▸ **Task goal**: Nothing should be dropped or changed: copy every line of the listing.

▸ **Dataset excerpts**:

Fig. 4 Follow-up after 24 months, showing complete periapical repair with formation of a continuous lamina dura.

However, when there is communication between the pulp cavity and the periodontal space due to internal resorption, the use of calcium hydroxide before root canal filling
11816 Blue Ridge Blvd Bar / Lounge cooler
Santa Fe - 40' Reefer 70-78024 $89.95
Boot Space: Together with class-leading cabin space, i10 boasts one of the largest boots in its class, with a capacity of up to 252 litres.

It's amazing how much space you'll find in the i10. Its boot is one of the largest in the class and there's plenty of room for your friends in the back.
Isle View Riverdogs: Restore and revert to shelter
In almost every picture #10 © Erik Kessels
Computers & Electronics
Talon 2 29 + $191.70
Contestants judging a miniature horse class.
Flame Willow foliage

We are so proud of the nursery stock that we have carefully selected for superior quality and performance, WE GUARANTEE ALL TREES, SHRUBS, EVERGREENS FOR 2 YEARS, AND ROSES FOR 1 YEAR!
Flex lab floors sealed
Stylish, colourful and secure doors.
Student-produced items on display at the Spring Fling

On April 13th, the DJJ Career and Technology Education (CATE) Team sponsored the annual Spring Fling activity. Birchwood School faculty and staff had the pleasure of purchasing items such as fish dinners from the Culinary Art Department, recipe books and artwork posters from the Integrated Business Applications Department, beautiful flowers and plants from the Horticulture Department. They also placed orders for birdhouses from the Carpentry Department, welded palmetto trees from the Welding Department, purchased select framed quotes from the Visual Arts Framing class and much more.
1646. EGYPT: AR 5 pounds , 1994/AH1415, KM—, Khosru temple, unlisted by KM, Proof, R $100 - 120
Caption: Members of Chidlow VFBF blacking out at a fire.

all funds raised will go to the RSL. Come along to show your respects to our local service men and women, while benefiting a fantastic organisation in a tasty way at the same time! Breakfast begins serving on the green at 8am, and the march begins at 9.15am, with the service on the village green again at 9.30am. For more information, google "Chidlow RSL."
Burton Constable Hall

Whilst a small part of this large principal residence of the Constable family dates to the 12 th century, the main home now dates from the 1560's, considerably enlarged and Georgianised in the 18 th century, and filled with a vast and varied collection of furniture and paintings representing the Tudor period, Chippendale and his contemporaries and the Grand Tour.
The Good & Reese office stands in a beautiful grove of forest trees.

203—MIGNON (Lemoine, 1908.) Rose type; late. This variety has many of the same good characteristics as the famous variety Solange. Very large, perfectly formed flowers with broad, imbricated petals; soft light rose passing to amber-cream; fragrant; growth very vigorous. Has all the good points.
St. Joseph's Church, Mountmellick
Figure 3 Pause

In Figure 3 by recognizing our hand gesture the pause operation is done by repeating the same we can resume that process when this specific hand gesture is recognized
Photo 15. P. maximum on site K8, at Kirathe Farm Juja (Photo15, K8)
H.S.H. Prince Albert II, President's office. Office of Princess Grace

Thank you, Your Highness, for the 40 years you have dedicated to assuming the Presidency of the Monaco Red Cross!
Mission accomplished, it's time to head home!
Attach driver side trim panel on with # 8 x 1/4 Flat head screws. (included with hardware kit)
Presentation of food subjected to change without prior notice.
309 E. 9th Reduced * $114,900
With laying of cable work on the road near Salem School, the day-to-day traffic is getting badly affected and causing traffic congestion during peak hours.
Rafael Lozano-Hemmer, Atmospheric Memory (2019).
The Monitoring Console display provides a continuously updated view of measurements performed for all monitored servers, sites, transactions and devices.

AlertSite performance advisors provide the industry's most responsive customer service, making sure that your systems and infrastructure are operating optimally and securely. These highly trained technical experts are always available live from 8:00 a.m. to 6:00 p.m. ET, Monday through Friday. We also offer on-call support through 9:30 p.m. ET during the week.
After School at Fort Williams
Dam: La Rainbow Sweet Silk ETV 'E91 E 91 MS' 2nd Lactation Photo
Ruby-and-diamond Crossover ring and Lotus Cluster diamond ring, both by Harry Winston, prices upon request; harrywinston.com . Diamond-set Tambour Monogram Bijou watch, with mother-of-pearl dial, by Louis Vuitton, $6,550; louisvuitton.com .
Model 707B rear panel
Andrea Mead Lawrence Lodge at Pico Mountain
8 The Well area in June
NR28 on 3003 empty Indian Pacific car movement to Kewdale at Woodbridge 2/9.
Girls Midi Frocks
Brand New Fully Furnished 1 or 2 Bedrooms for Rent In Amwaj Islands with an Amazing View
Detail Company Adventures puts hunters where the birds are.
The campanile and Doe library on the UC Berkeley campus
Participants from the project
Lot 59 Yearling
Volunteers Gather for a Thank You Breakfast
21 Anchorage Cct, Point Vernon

▸ **Finished exercise**:
Fig. 4 Follow-up after 24 months, showing complete periapical repair with formation of a continuous lamina dura.

However, when there is communication between the pulp cavity and the periodontal space due to internal resorption, the use of calcium hydroxide before root canal filling
11816 Blue Ridge Blvd Bar / Lounge cooler
Santa Fe - 40' Reefer 70-78024 $89.95
Boot Space: Together with class-leading cabin space, i10 boasts one of the largest boots in its class, with a capacity of up to 252 litres.

It's amazing how much space you'll find in the i10. Its boot is one of the largest in the class and there's plenty of room for your friends in the back.
Isle View Riverdogs: Restore and revert to shelter
In almost every picture #10 © Erik Kessels
Computers & Electronics
Talon 2 29 + $191.70
Contestants judging a miniature horse class.
Flame Willow foliage

We are so proud of the nursery stock that we have carefully selected for superior quality and performance, WE GUARANTEE ALL TREES, SHRUBS, EVERGREENS FOR 2 YEARS, AND ROSES FOR 1 YEAR!
Flex lab floors sealed
Stylish, colourful and secure doors.
Student-produced items on display at the Spring Fling

On April 13th, the DJJ Career and Technology Education (CATE) Team sponsored the annual Spring Fling activity. Birchwood School faculty and staff had the pleasure of purchasing items such as fish dinners from the Culinary Art Department, recipe books and artwork posters from the Integrated Business Applications Department, beautiful flowers and plants from the Horticulture Department. They also placed orders for birdhouses from the Carpentry Department, welded palmetto trees from the Welding Department, purchased select framed quotes from the Visual Arts Framing class and much more.
1646. EGYPT: AR 5 pounds , 1994/AH1415, KM—, Khosru temple, unlisted by KM, Proof, R $100 - 120
Caption: Members of Chidlow VFBF blacking out at a fire.

all funds raised will go to the RSL. Come along to show your respects to our local service men and women, while benefiting a fantastic organisation in a tasty way at the same time! Breakfast begins serving on the green at 8am, and the march begins at 9.15am, with the service on the village green again at 9.30am. For more information, google "Chidlow RSL."
Burton Constable Hall

Whilst a small part of this large principal residence of the Constable family dates to the 12 th century, the main home now dates from the 1560's, considerably enlarged and Georgianised in the 18 th century, and filled with a vast and varied collection of furniture and paintings representing the Tudor period, Chippendale and his contemporaries and the Grand Tour.
The Good & Reese office stands in a beautiful grove of forest trees.

203—MIGNON (Lemoine, 1908.) Rose type; late. This variety has many of the same good characteristics as the famous variety Solange. Very large, perfectly formed flowers with broad, imbricated petals; soft light rose passing to amber-cream; fragrant; growth very vigorous. Has all the good points.
St. Joseph's Church, Mountmellick
Figure 3 Pause

In Figure 3 by recognizing our hand gesture the pause operation is done by repeating the same we can resume that process when this specific hand gesture is recognized
Photo 15. P. maximum on site K8, at Kirathe Farm Juja (Photo15, K8)
H.S.H. Prince Albert II, President's office. Office of Princess Grace

Thank you, Your Highness, for the 40 years you have dedicated to assuming the Presidency of the Monaco Red Cross!
Mission accomplished, it's time to head home!
Attach driver side trim panel on with # 8 x 1/4 Flat head screws. (included with hardware kit)
Presentation of food subjected to change without prior notice.
309 E. 9th Reduced * $114,900
With laying of cable work on the road near Salem School, the day-to-day traffic is getting badly affected and causing traffic congestion during peak hours.
Rafael Lozano-Hemmer, Atmospheric Memory (2019).
The Monitoring Console display provides a continuously updated view of measurements performed for all monitored servers, sites, transactions and devices.

AlertSite performance advisors provide the industry's most responsive customer service, making sure that your systems and infrastructure are operating optimally and securely. These highly trained technical experts are always available live from 8:00 a.m. to 6:00 p.m. ET, Monday through Friday. We also offer on-call support through 9:30 p.m. ET during the week.
After School at Fort Williams
Dam: La Rainbow Sweet Silk ETV 'E91 E 91 MS' 2nd Lactation Photo
Ruby-and-diamond Crossover ring and Lotus Cluster diamond ring, both by Harry Winston, prices upon request; harrywinston.com . Diamond-set Tambour Monogram Bijou watch, with mother-of-pearl dial, by Louis Vuitton, $6,550; louisvuitton.com .
Model 707B rear panel
Andrea Mead Lawrence Lodge at Pico Mountain
8 The Well area in June
NR28 on 3003 empty Indian Pacific car movement to Kewdale at Woodbridge 2/9.
Girls Midi Frocks
Brand New Fully Furnished 1 or 2 Bedrooms for Rent In Amwaj Islands with an Amazing View
Detail Company Adventures puts hunters where the birds are.
The campanile and Doe library on the UC Berkeley campus
Participants from the project
Lot 59 Yearling
Volunteers Gather for a Thank You Breakfast
21 Anchorage Cct, Point Vernon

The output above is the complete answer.